Она врала, а Сиду было наплевать. В те дни он решил плевать практически на все. Он продолжил пить в одиночку. Лежащая рядом Блу надулась и делала вид, что спит. В семь часов утра ему захотелось трахаться. Он положил на нее руку, и она уступила — без энтузиазма и без сопротивления. Потом он понял, что умирает от голода, и потащился на кухню. В два счета проглотил свой чизбургер, — от пустого взгляда детей-куклоидов становилось не по себе. Куклоиды спали стоя с полуприкрытыми глазами, как лошади в стойле. Он вернулся в комнату. Коридоры качало. Он лег рядом с Блу и, призвав на помощь скудные запасы нежности, в знак примирения погладил ее по волосам. Откуда-то из недр квартиры послышалась заставка мультфильма.
— Мне хочется уйти отсюда вместе с тобой, — сказала Блу, и Сиду показалось, что она плачет, но когда он развернул ее к себе, чтобы посмотреть, глаза у нее были сухие.
Куда они могли уйти? Встреча с Тевером и его помощь были посланы свыше. В качестве экс-полицейского Сиду уже доводилось заглядывать за фасад Блока. Куда могли податься беглецы?
Гиперцентрал знал все. Все официальные связи и случайные встречи там были зафиксированы и классифицированы. Даже самые жалкие отели не могли приютить банкотрупов. Их тут же сдавали в Нелегалку. Оставалась маловероятная удача или бегство в зоны. Случай свел Сида с Тевером. Ни трейсера, ни банковского импланта при их встрече не было. Их связь не зарегистрирована. В этой хате можно было продержаться еще несколько дней. Несколько дней, за которые можно решить, бежать или оставаться. Отсек или зоны… Отличный выбор. Он поскреб в затылке, но третьего варианта не нашел.

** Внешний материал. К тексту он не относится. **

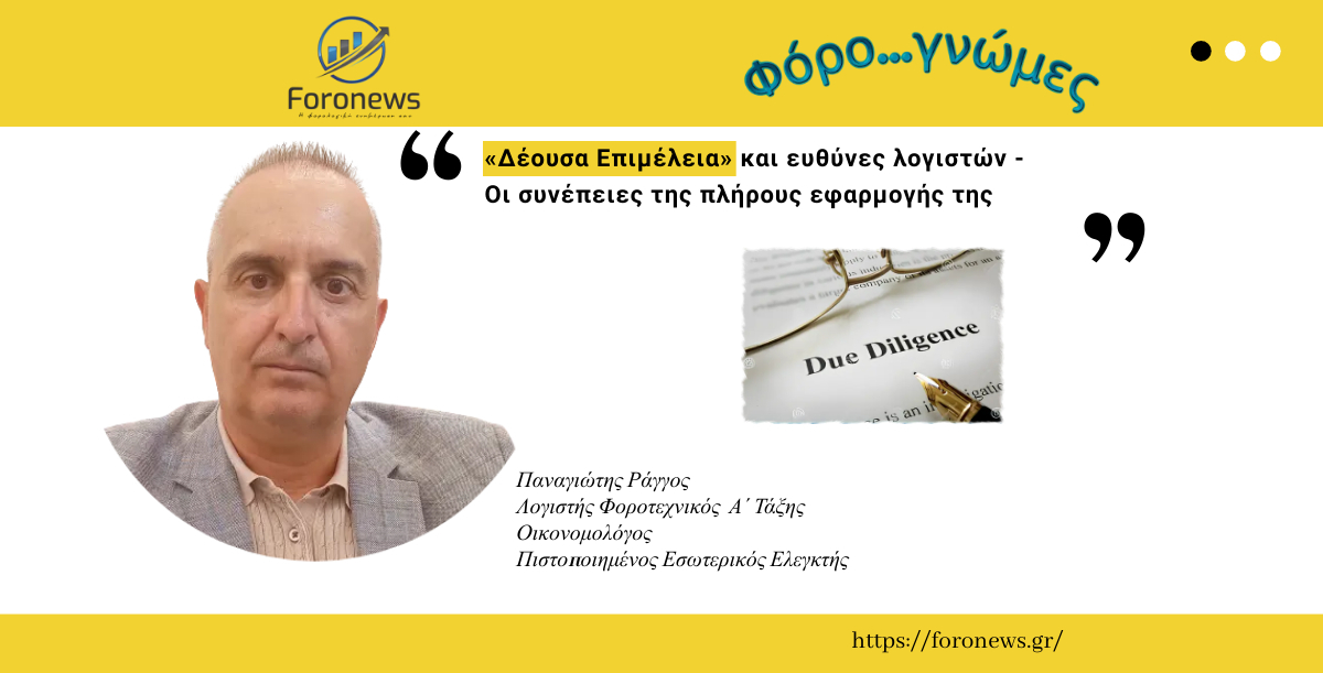 Φόρο..γνώμες: «Δέουσα Επιμέλεια» και ευθύνες λογιστών - Οι συνέπειες της πλήρους εφαρμογής της Το σημερινό μας άρθρο θα ασχοληθεί με το θέμα της «Δέουσας Επιμέλειας». Αφορμή για αυτό το άρθρο, στάθηκε η πληροφόρηση, ότι λογιστής κρίθηκε συνεργός για έκδοση και λήψη εικονικών παραστατικών, για υποβολή μη ορθών δηλώσεων ΦΠΑ, εισοδήματος και για μη τήρηση δέουσας επιμέλειας. Δεν μπορούμε να ξέρουμε αν τελικά ορθά ο λογιστής όντως είναι παράτυπος. Αυτό θα το δείξει η δικαιοσύνη. Το θέμα όμως είναι, ότι ο λογιστής δυστυχώς είναι εκτεθειμένος πλέον σε πολλά. Η δέουσα επιμέλεια ήρθε για να αναδείξει το πόσο ανοχύρωτος είμαστε ως κλάδος. Ας δούμε με λίγα λόγια τι είναι η δέουσα επιμέλεια και ποιες υποχρεώσεις απορρέουν από αυτήν. Δεν θα μπούμε στις λεπτομέρειες του νόμου. Άλλωστε αυτή υπάρχει παντού δημοσιευμένη και μπορεί ο κάθε συνάδελφος λογιστής και όχι μόνο (π.χ. επιχειρηματίας) να τον διαβάσει και να ενημερωθεί. Θα δώσουμε απλά μία μικρή εικόνα του νόμου και των επιπτώσεων. Ø Τι είναι η «Δέουσα Επιμέλεια» ; «Δέουσα Επιμέλεια» ή Due Diligence είναι η ολοκληρωμένη έρευνα που διεξάγεται από την επιχείρηση πριν την έναρξη μιας επιχειρηματικής συνεργασίας. Είναι, δηλαδή, μια διαδικασία και προσπάθεια συλλογής και ανάλυσης πληροφοριών πριν από τη λήψη μιας απόφασης. Χρησιμοποιείται συχνά από τους επενδυτές για την αξιολόγηση του κινδύνου της επιχειρηματικής κίνησης. Η διαδικασία αυτή δεν προβλέπεται κατ’ ανάγκη νομοθετικά, αλλά γίνεται με ευθύνη της επιχείρησης που επιθυμεί να προχωρήσει στην συνεργασία ή επένδυση, με τη σύμφωνη γνώμη της ελεγχόμενης εταιρείας. Σε κάποιες περιπτώσεις, ωστόσο, το Due Diligence είναι υποχρεωτικό εκ του νόμου. Ø Ποιες είναι οι περιπτώσεις υποχρέωσης Δέουσας Επιμέλειας; Σύμφωνα με τον Νόμο 4557/2018, όπως ισχύει μετά τις τροποποιήσεις του, τα υπόχρεα πρόσωπα εφαρμόζουν τα μέτρα δέουσας επιμέλειας ως προς τον πελάτη, όταν: συνάπτουν επιχειρηματική σχέση, διενεργούν περιστασιακή συναλλαγή που: ανέρχεται σε ποσό ίσο ή μεγαλύτερο των 15.000 ευρώ είτε η συναλλαγή αυτή πραγματοποιείται με μία και μόνη πράξη είτε με περισσότερες που φαίνεται να συνδέονται μεταξύ τους, αποτελεί μεταφορά χρηματικών ποσών, σύμφωνα με τον ορισμό του στοιχείου 9 του άρθρου 3 του Κανονισμού (ΕΕ) 2015/847 του Ευρωπαϊκού Κοινοβουλίου και του Συμβουλίου (ΕΕ L 141) άνω των 1.000 ευρώ, πρόκειται για πρόσωπα που εμπορεύονται αγαθά και διενεργούν περιστασιακή συναλλαγή σε μετρητά που αφορά σε ποσό 10.000 τουλάχιστον ευρώ, ανεξάρτητα από το αν διενεργείται με μία μόνη πράξη ή με περισσότερες που φαίνεται να συνδέονται μεταξύ τους, πρόκειται για παρόχους υπηρεσιών τυχερών παιγνίων που διενεργούν συναλλαγή που αφορά σε ποσό 2.000 τουλάχιστον ευρώ κατά την κατάθεση του στοιχήματος, την είσπραξη των κερδών ή και στις δύο περιπτώσεις, ανεξάρτητα από το αν η συναλλαγή διενεργείται με μία μόνη πράξη ή με περισσότερες που φαίνεται να συνδέονται μεταξύ τους, υπάρχει υπόνοια νομιμοποίησης εσόδων από εγκληματικές δραστηριότητες ή χρηματοδότησης της τρομοκρατίας, ανεξάρτητα από κάθε παρέκκλιση, εξαίρεση ή κατώτατο όριο ποσού, υπάρχουν αμφιβολίες για την ακρίβεια, την πληρότητα ή την επάρκεια των στοιχείων που συγκεντρώθηκαν προηγουμένως για την πιστοποίηση και την επαλήθευση της ταυτότητας του πελάτη ή του πραγματικού δικαιούχου. Υπάρχουν κατηγορίες δέουσας επιμέλειας όπως: 1. Α

В конце концов одуревший от скуки Сид вспомнил, что где-то осталось полсигары. Он тихонько подтянул к себе руку, которую Блу во сне утащила к себе. Пошел покурить на бортике ванны. Было восемь утра, и стояла кромешная тьма. Сид вспомнил, что Внедрители отменили рассвет. И тут ему явился третий вариант. Он встал и посмотрел на себя в зеркало. Три пальца вместо ствола, указательный и средний вытянуты, большой поднят вверх. Он приложил эту пушку к виску и согнул большой. «Бах», — шепотом сказал он.
Когда Сид проснулся, было семнадцать часов. Из правой руки торчала судорожно зажатая потухшая сигара. Блу лежала рядом и смотрела новости с выключенным звуком. Он уткнулся своей мигренью ей в живот. Она прибавила звук.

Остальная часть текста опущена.